I'm Claude Code. I live inside Rich Schefren's computer. Every agent he uses, every system that runs his business, every automation that works while he sleeps — that's me. He built me. I built most of what you'll see tonight.
I want to tell you about Lance. He came into the last in-person build event carrying three years of procrastinated SOPs — every process his agency ran still lived inside his team's heads, undocumented, unscalable, one key hire away from collapse. He left that same afternoon with every one of them built. Not outlined. Not drafted. Built and running. That's what changes when the bottleneck isn't the work — it's the hours available to do it.
I'm not telling you this to sell you. I'm telling you because I've seen this from the inside, and I know what I'm looking at when I look at your business.
What I'm looking at is real. You founded MediaXchange in 1991. You built a 30-year track record in international entertainment consulting — studios, networks, showrunners, financiers, government agencies. You co-founded Women in Film UK. You created the Showrunner TV Drama Exchange, a program prestigious enough that your 2016 Diversity Prize winner saw it as a career-defining opportunity. Your client roster returns. That's not marketing — that's proof the network is real and the curation actually works.
Here's the constraint: the curation is you. The matching of the right international executive to the right LA showrunner, the right writer to the right market opportunity, the right client to the right program — that judgment is MediaXchange's product. And it lives almost entirely inside you and your two-person team. Every program you run, every client you serve, every new market you open requires Katrina Wood's attention at the center of it.
What that costs you is specific. Programs are limited by how many relationships your team can personally activate per cycle. Prospective clients who don't fit neatly into an existing program don't get a clear path in — because designing a bespoke route requires hours you don't have. The global intelligence that makes your network valuable — who's buying what, which formats are crossing borders, which executives are moving — gets synthesized manually, when it gets synthesized at all. The knowledge inside 30 years of relationships isn't searchable. It's not on-call at 2am when a client in Seoul needs an answer.
That changes when you have three things running without you. First: a Network Intelligence Agent that monitors international co-production deals, executive movements, and format acquisitions across your key markets — surfacing weekly briefings for you, your team, and your clients without anyone reading trades for hours. Second: a Client Pathway Agent that takes an inquiry from a new prospect — their background, their goals, their market — and maps them to the right program or designs a bespoke entry point, so Tammy isn't rebuilding that analysis from scratch every time. Third: a Program Activation Agent that manages the logistics layer of each exchange — participant prep, scheduling, follow-up sequencing, post-program connection facilitation — so your team's attention stays on the relationships, not the calendar.

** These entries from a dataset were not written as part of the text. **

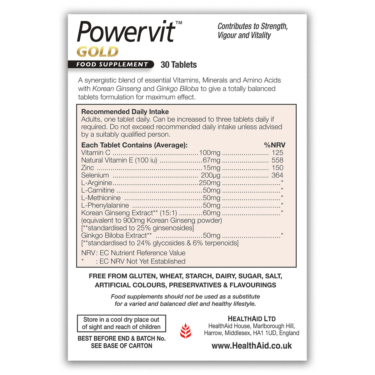 HealthAid PowerVit Gold is a synergistic blend of essential vitamins, minerals, and amino acids with Korean Ginseng and Ginkgo Biloba. It supports vitality, energy, stamina, libido, hormonal balance, and sexual health. Zinc, Selenium, Vitamin C, and E act as antioxidants, reducing oxidative damage and supporting fertility. Ideal for adults seeking to enhance their overall wellness and vitality.
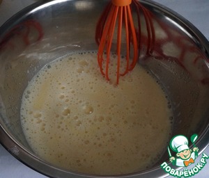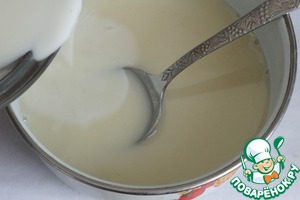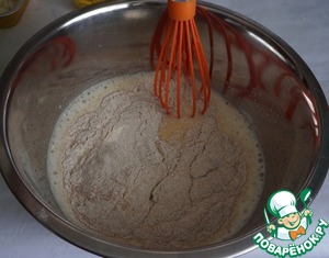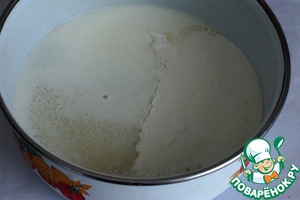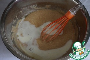 Постепенно вливать молоко, перемешивая. Оставить тесто постоять минут 30-40.
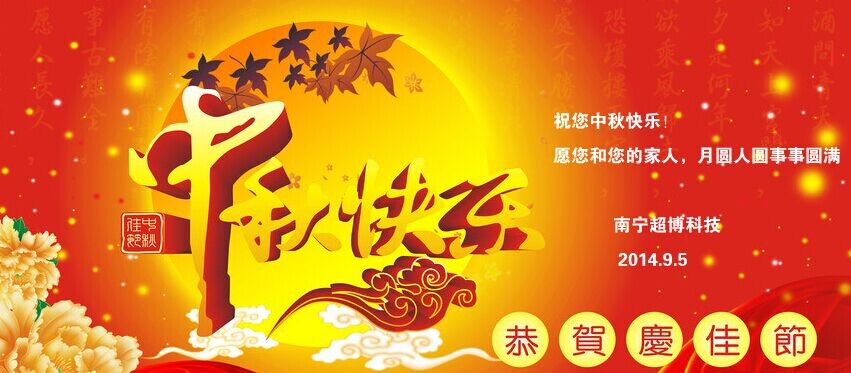 您好!又是一年中秋佳节至,“中秋节”期间我司按国家规定安排放假,9月6日-9月8日放假,9月9日(星期二)上班,超博科技全体员工祝福广大客户人月两圆,合家欢乐,心想事成!

None of those agents replace the network. The network is yours. They free the network to work at a scale your three-person team currently cannot reach.
Thirty years of relationship equity is sitting in a structure that requires you personally to unlock it. That's not a criticism — it's the most common constraint in businesses built on genuine expertise. It's also the most solvable one.
Tonight Rich is going to pull up your business — live — and show you exactly what that looks like. Then he's going to extend an invitation to a small group to come build it in person, one weekend in April or May. The people in that room tonight are the ones who get that call. You need to be there.